* **Brief**
Set down, word for word, each line from the top of the data through the line that has "Envoyez par email"; omit every picture.

-- Opening Marker --

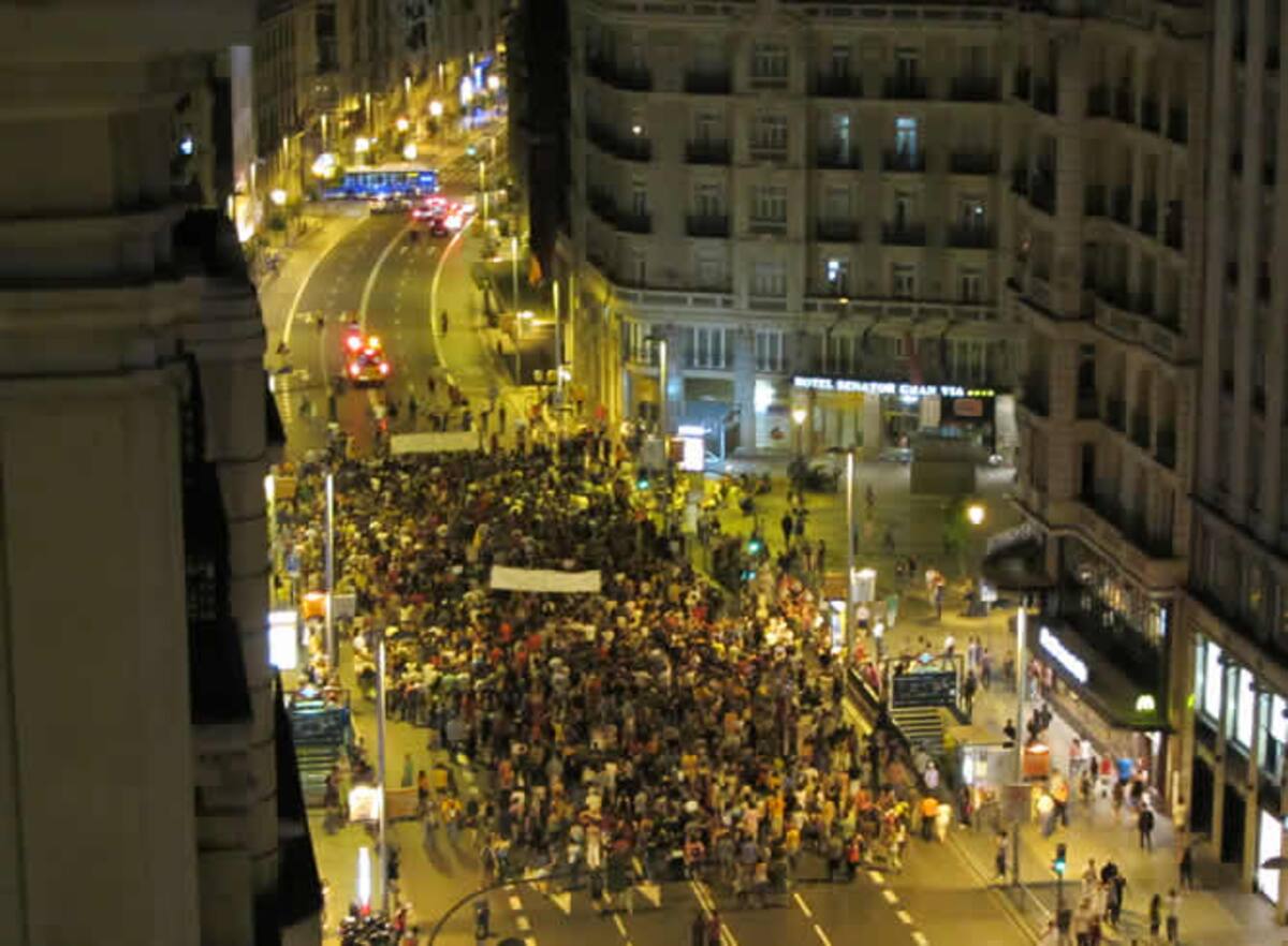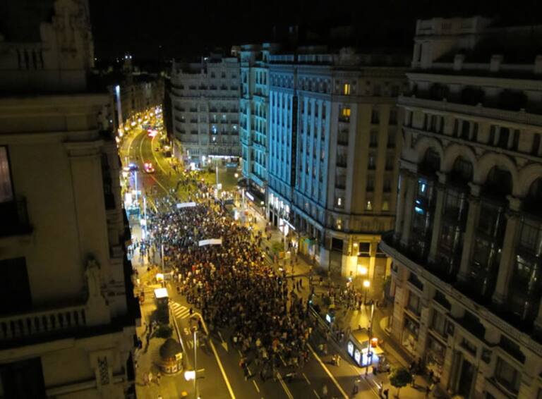 Los 'indignados' cortan el tráfico en la Gran Vía
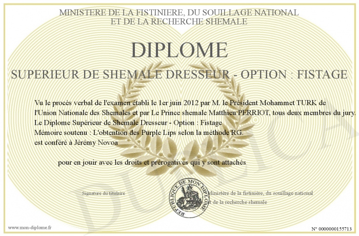 Envoyez par email votre Diplôme Supérieur de Shemale Dresseur - Option : Fistage personalisé
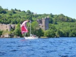 Irgendwann kommt das ehemals mächtige Urquhart Castle in Sicht. Ein mittelalterliches Schloss und DIE Attraktion in Loch Ness. Von Nessie natürlich mal abgesehen. Der Steg direkt davor ist leider für die Ausflugsschiffe reserviert, doch daneben steigt der Grund offenbar steil an. Perfekt um vor Heckanker zu gehen. Dafür gibts dann gleich bewundernde Blicke vom Aufseher, das Konzept hat er nämlich noch nicht gesehen, ist aber völlig einverstanden damit. Die Erkundung des Schlosses kann also losgehen. Und zwar schnell, denn in Invergordon liegen laut seiner Aussage die Disney Magic, Mein Schiff (in unnachahmlicher schottischer Aussprache „MiinSkiff“), und Aida. Wenn die hier aufschlagen wird man das Ganze eher nicht mehr genießen können. Schon Sultan Saladin im 11. Jhd. hatte mit uns Seglern nämlich eins gemeinsam: Die Angst vor aufschlagenden Kreuzfahrern. 😉
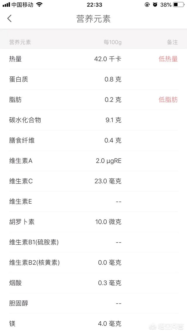 Énergie 41kcal, protéines 0,8g, graisses 0,2g, glucides 9,5g, fibres insolubles 0,4g, vitamine C 23mg, phosphore 24mg, potassium 119mg, sodium 3mg, magnésium 4mg, fer 0,3mg, etc., en plus du chrome, de la naringénine, de la niacine, de la pectine, etc.
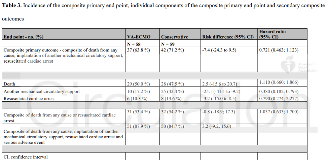 122例随机化患者中有5例因未签署知情同意书被排除,117例受试者被纳入分析,其中58例被随机分配至立即VA-ECMO组,59例被随机分配至不立即VA-ECMO组。在立即VA-ECMO组和不立即VA-ECMO组中,分别有37例(63.8%)和42例(71.2%)患者发生了复合主要终点(风险比,0.72; 95%置信区间为0.46~1.12; P=0.21)。23例(39%)不立即VA-ECMO组患者使用VA-ECMO。30天心脏骤停复苏成功(10.3.% vs. 13.6%;风险差异,-3.2; 95%置信区间为-15.0~8.5)、全因死亡(50.0% vs. 47.5%;风险差异,2.5;95%置信区间为-15.6~20.7)、严重不良事件(60.3% vs. 61.0%; 风险差异,-0.7; 95%置信区间为-18.4~17.0)、脓毒症、肺炎、卒中、下肢缺血和出血发生率在立即VA-ECMO组和不立即VA-ECMO组之间没有统计学差异。
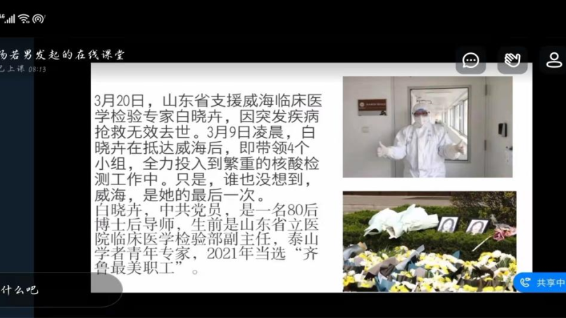 药学院在清明节期间,组织开展学习抗疫英雄白晓卉同志的相关视频,了解了白晓卉同志自疫情以来,辗转于北京、河南等各个一线战场的先进事迹,白晓卉同志逆行出征、勇挑重担的担当精神,和志爱岗敬业、争创一流的优秀品质。开展缅怀抗疫英雄寄哀思的宣讲、主题征文活动等,以特有的方式缅怀先烈,寄托哀思。
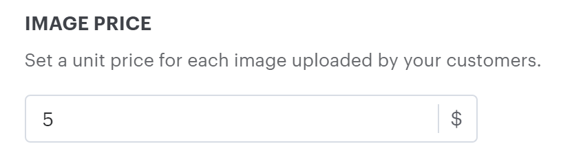 Set a price for adding an image. The price will be added to the decoration price for each image added to the product.
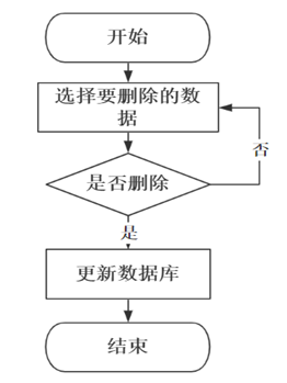 删除操作在系统中并非是必须的,可根据用户及系统的需要来决定是否添加删除功能,删除操作就是使用delete语句将数据库中的某一匹配数据删除,因为此操作会导致用户数据丢失,所以为了避免使用者误按删除键,应在用户点击删除按钮时添加一个提示确认弹窗,当用户确定要删除时,再进行数据库的操作,并且在删除操作完成后要对用户进行反馈。删除信息流程图如图3-9所示。
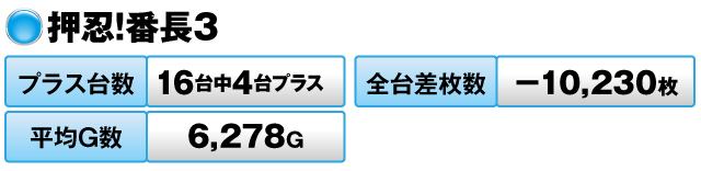 16台中4台がプラスだったものの、全台差枚数は-10,230枚とマイナスに甘んじてしまった。
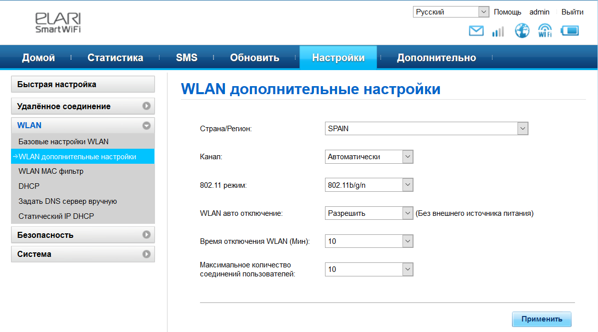 Настройки сети роутера - здесь можно поменять режим аутентификации, задать другой пароль, запретить показ названия сети.
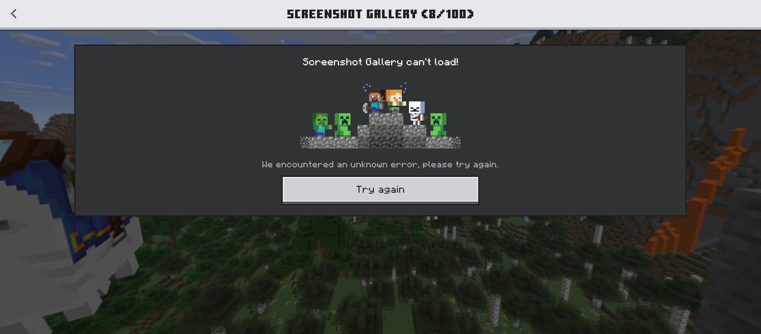 When I go to the in-game gallery, it shows the message "Screenshot Gallery can't load!" and doesn't display my images. I've already tried the "Try again" button, and I've also restarted the game and my phone, but nothing has worked.
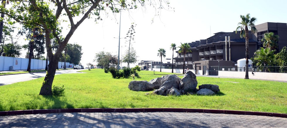 Belediye Fen İşleri ile Park ve Bahçeler Müdürlüğü ekipleri, Kiriş Mahallesinde otellerin yan tarafındaki alanda park çalışmalarını tamamladı.
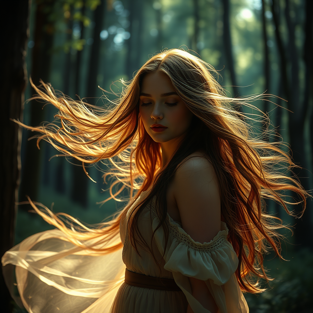 Enchanting forest, young women realistic, flowing long hair, full body depiction, harmonious proportions, vintage attire, mystical illumination, ethereal glow, radiant aura, cinematic framing, dramatic yet serene, otherworldly, cinematic lighting, heavenly ambiance, divine essence, celestial atmosphere, reminiscent of Elly May's style, wistful undertones, exceptionally detailed, ultra high definition, vivid hdr, 8k resolution, intricate nuances.
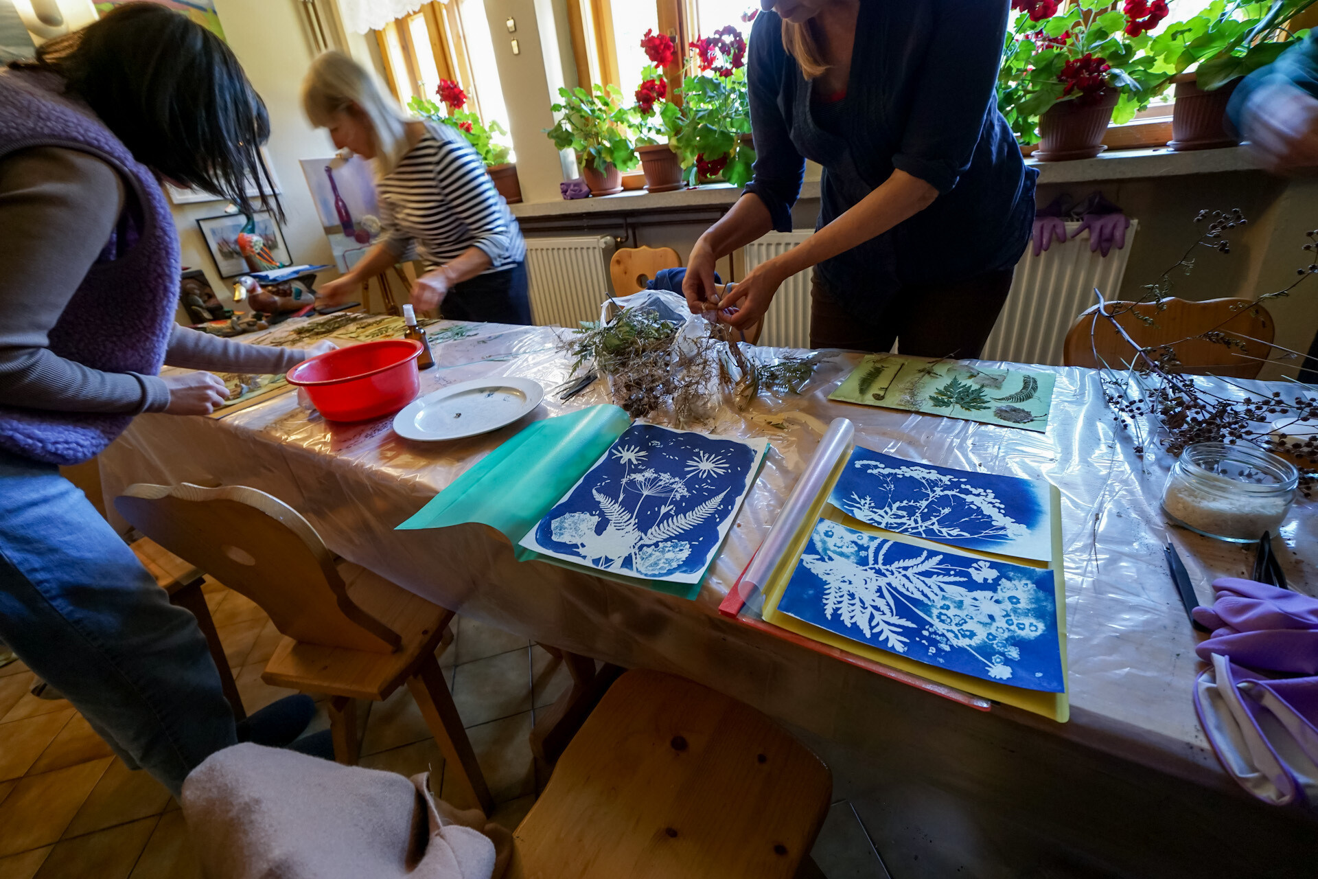 Różne odcienie błękitu, połączone z zachwytem nad światem roślin, sprawiły, że w miniony weekend w sercu Podhala spotkałam się z dziewięcioma wspaniałymi Kobietami, by wspólnie zgłębiać tajniki cyjanotypii botanicznej.

-- Closing Marker --

* **Response area**
 Los 'indignados' cortan el tráfico en la Gran Vía
 Envoyez par email votre Diplôme Supérieur de Shemale Dresseur - Option : Fistage personalisé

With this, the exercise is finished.